Question

How do you prove by induction that `n(n+1)(n+2)(n+3)` is divisible by `24` for any non-negative integer `n` ?

Answer 1

See explanation...

Explanation:

Let `P(n)` be the proposition:

`n(n+1)(n+2)(n+3)" "` is divisible by `24`

Base case

`P(0) = 0(1)(2)(3) = 0" "` is divisible by `24`

Induction step

Suppose `P(n)`.

Then:

`(n+1)(n+2)(n+3)(n+4)`

`= n(n+1)(n+2)(n+3)+4(n+1)(n+2)(n+3)`

We know that `n(n+1)(n+2)(n+3)` is divisible by `24`.

So we just have to show that `4(n+1)(n+2)(n+3)` is divisible by `24` too.

Note that exactly one of `(n+1)`, `(n+2)` and `(n+3)` will be divisible by `3`. So their product is also divisible by `3`.

Note that one of `(n+1)` and `(n+2)` is even. So their product is too.

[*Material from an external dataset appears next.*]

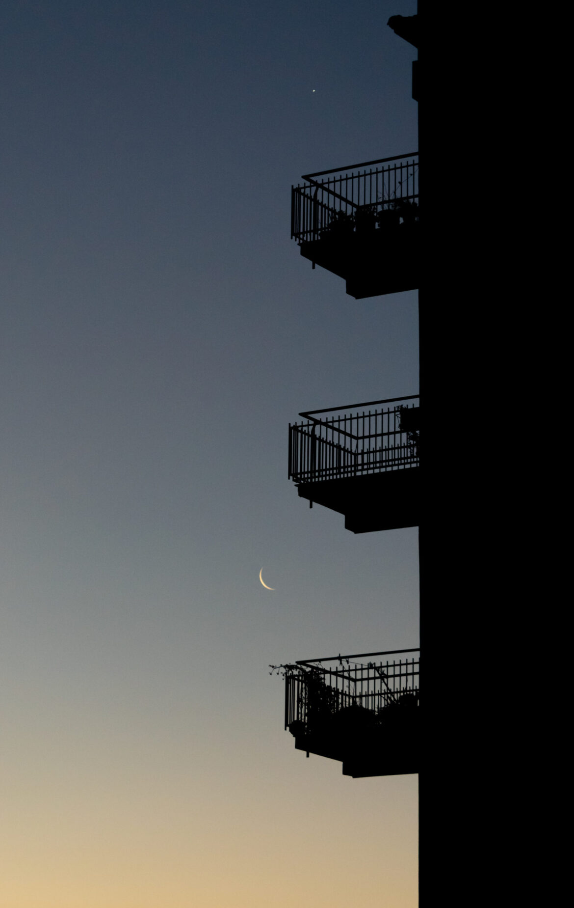 Note: Luna e Venere prospetticamente allineati nelle prime ore del mattino nel centro metropolitano di Catania. Il particolare allineamento con i balconi del palazzo sembrano suggerire una personificazione dei due astri. Chissà di cosa staranno parlando…

Hence `(n+1)(n+2)(n+3)` is divisible by both `3` and `2` and therefore by their product `6`.

So `4(n+1)(n+2)(n+3)` is divisible by `4 * 6 = 24` as required.

Conclusion

Having shown that `P(0)` holds and `P(n) -> P(n+1)`, we can deduce that `P(n)` holds for all natural numbers `n`.